Getting Started - Loan Structure / HELOC for down Payment

2 Replies

Hello All,

My wife and I are just getting started in the real estate space and looking for advice on the lending side and how to structure our first loan. We are wanting to utilize our home equity to finance our first deal. Our thought is that we would utilize a HELOC for the down payment in our first property, but we want to make sure that we are still able to refinance out that money to finance another detail.

Here are the 2 main questions I had to start with:

1) Do I need to structure the new mortgage as an investment property loan so that I can continue to refinance out the money I just put towards the down payment and use in our next property? 

2) Any other recommendations or advice for us in how we structure our first loan? Are their any concerns with utilizing a HELOC, besides the higher interest rate we would pay on that loan? Are their restrictions on how we can use the HELOC funds?

Any advice is very much appreciated and if you have any reccos I would very much appreciate it!



@Nick Pederson :

  1. Talk with local banks and CUs about what loan products they offer for non-owner occupied properties. You'll find a variety of options. CUs tend to be the best.
  2. There's no restriction on how you can use the HELOC. The bank financing the investment property will take the additional debt into account. So be aware of that. The key is to pay back the HELOC ASAP. They should only be used for short-term financing.

@Nick Pederson :

I did the same thing for my first rental, which was a true investment duplex (both sides rented out). My goal was to find a property that needed some work, buy it using a purchase mortgage secured to the rental and use my home equity line for the down payment and most of the renovations. Get it rented out, then apply for a cash out refi on the investment property mortgage in order to use my new equity in the renovated property to pay the home equity line off and repeat. Typical BRRRR deal

1. the home equity line is on your primary residence so as long as you continue to live there, you can generally use it for any legal purpose. the mortgage you'll get when you buy the investment property will be an investment property, so the required down payment (and rate) amount will be higher than it would be if you were going to live in it (at least 15% down depending on the bank, could be 25% down if 2-4 unit).  You can use your home equity line for the down payment, just need to disclose on your loan application that the down payment is borrowed. the lender should account for that payment in your debt to income calculations when qualifying you.  

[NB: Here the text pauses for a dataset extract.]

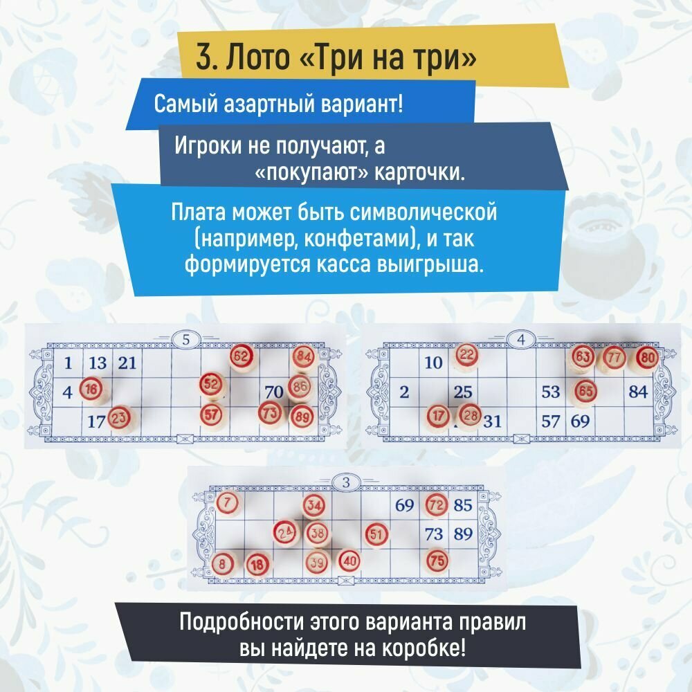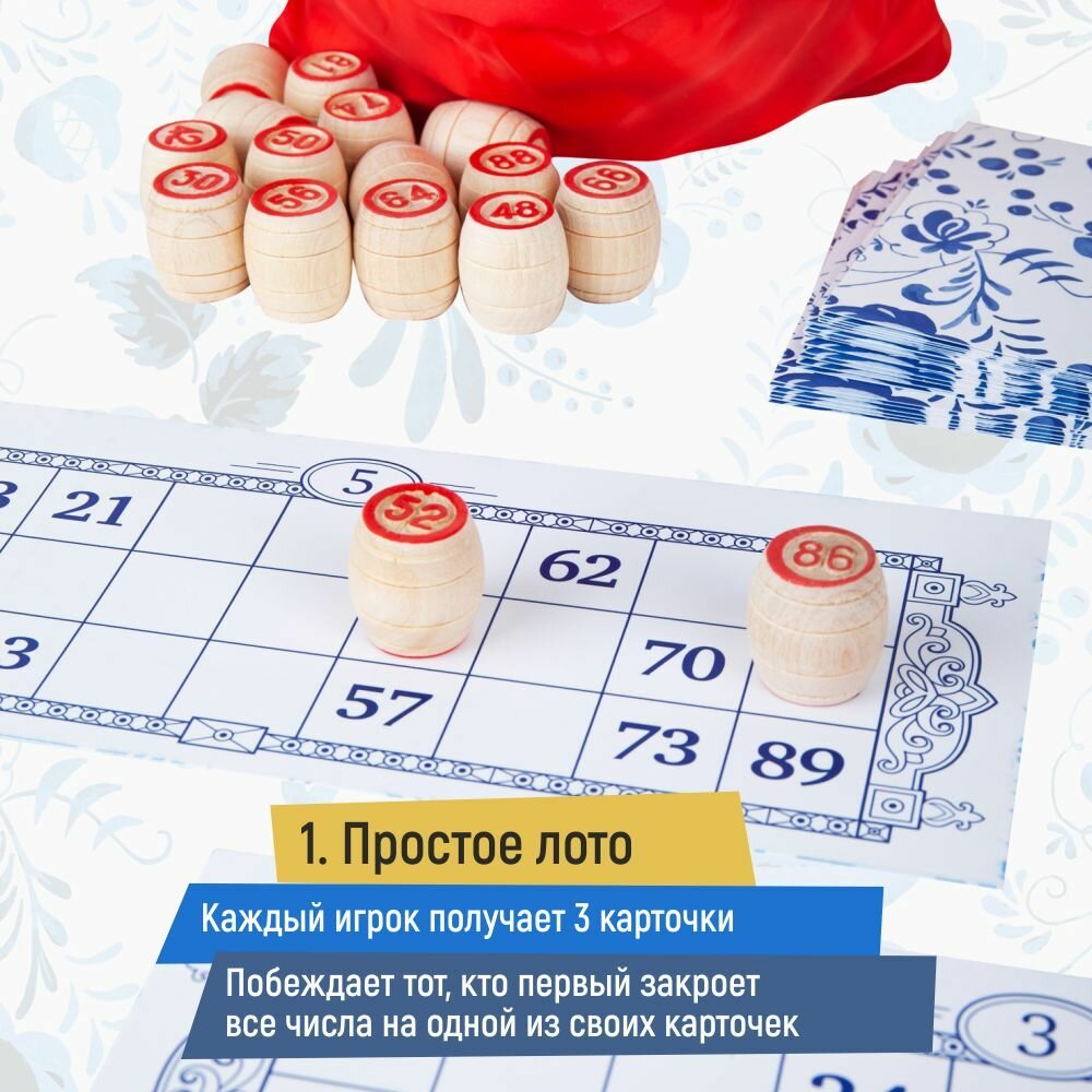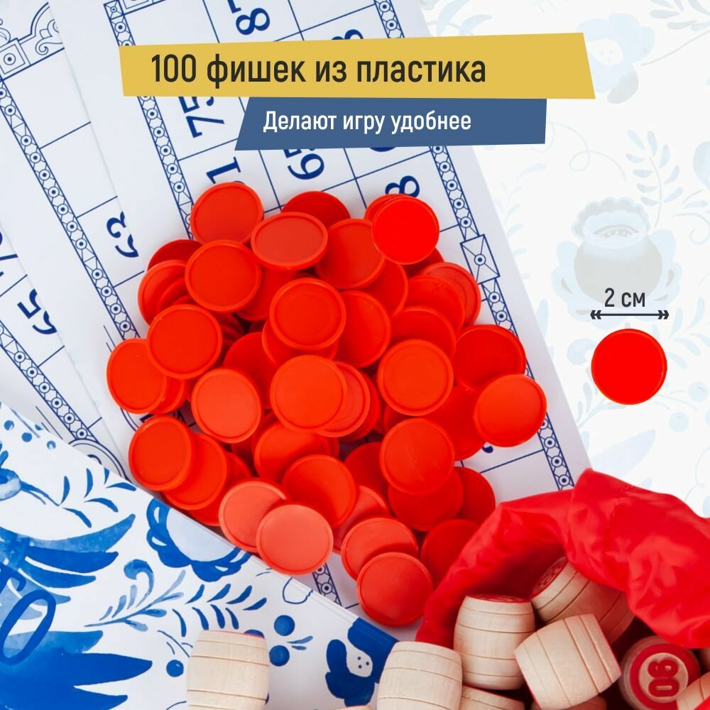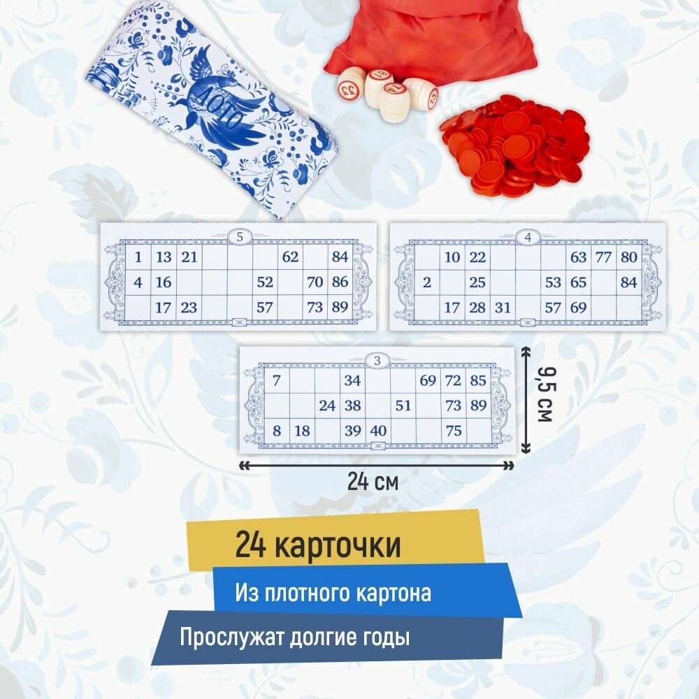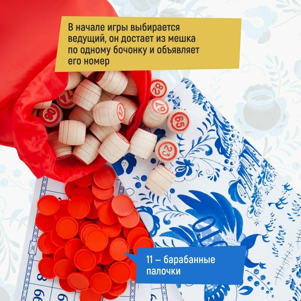| Комплектация | 90 деревянных бочонков в мешке, 24 карточки, 100 жетонов-закрывашек |

2.  no restrictions on how you use the funds.  a lot of times they are interest only payments, which is nice when the property you are renovating is vacant with no income coming in, minimizes carrying costs until you get it rented. 

Risks other than the fact that you are highly leveraging the home you live in are that the interest rate is typically variable. 

Also, the final value the rental property appraises for is very important as that can make or break your plans.  In my case, i bought a side by side duplex and finished the basements on both sides, so each unit was a 3 bed 2 bath.  not a lot of comps out there in my area for that style home so when i went to do the cash out, I didn't get nearly enough value to get all my money back out. This would have really stretched out the time until the next deal. I ended up deciding to sell the property and start over with a more typical property that is easier to establish after-repair value on.  Luckily I got the value i needed when I sold to pay everything off and walk away with a little bit.  Seems easier to get the value you need when you actually have a buyer saying they'll buy it than it is with a refi.